AnandTech has done a review of Amazon Silk. The results are interesting but pretty much what I've experienced. The Silk browser is generally a few seconds slower loading pages with acceleration on despite there being a 10% decrease in bandwidth. It's interesting that it's only a 10% decrease in bandwidth since Opera which is similar to Silk promises a 60% decrease.

http://www.anandtech.com/show/5139/amazons-silk-browser-tested-less-bandwidth-consumed-but-slower-performance


----------



## Lambert (Nov 12, 2010)

Looks like Amazon will have to beef up their CPUs and internet speed if they really want silk to work.


----------



## Atunah (Nov 20, 2008)

I must be lucky I guess, my browser is really fast. Its faster than my netbook using chrome.


----------



## enodice (Jul 29, 2010)

What this test doesn't include is the pre-loading of the predicted next page.  The Silk browser will anticpate your most likely next click and load that page in the background, making it very fast when/if you actually do click it.  This ability should improve as Silk gathers more user data to improve the quality of the predictions.


----------



## Lambert (Nov 12, 2010)

Atunah said:


> I must be lucky I guess, my browser is really fast. Its faster than my netbook using chrome.

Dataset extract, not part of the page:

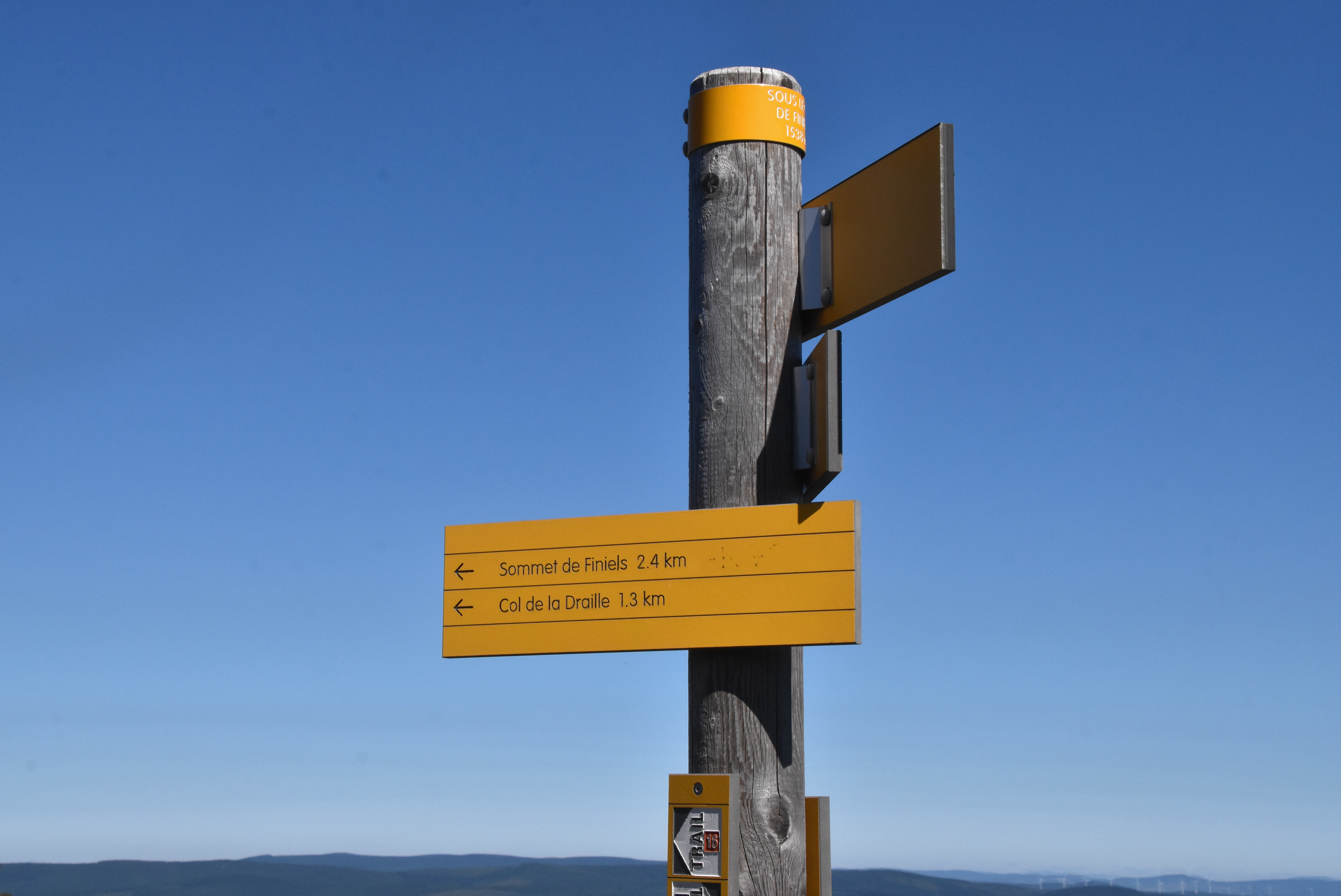 Ci-dessus : la borne au sommet du Finiels, 1699 m

My Fire is really fast too with either setting. It was a nice surprise.


----------



## CegAbq (Mar 17, 2009)

enodice said:


> What this test doesn't include is the pre-loading of the predicted next page. The Silk browser will anticpate your most likely next click and load that page in the background, making it very fast when/if you actually do click it. This ability should improve as Silk gathers more user data to improve the quality of the predictions.


So assuming that Silk works like this (gaining speed as more user data is accumulated), if lots of people turn off acceleration now, will it still accumulate the data to increase its speed? (As I type this I have probably answered my own question, but I'm going to post it anyway)


----------



## teri (Sep 13, 2010)

It probably isn't an issue for most people with fast internet connections.  For those of us with slow DSL making those changes really helped.  If it is the "prediction" that is slowing Silk down, they can stop it as far as I'm concerned.


----------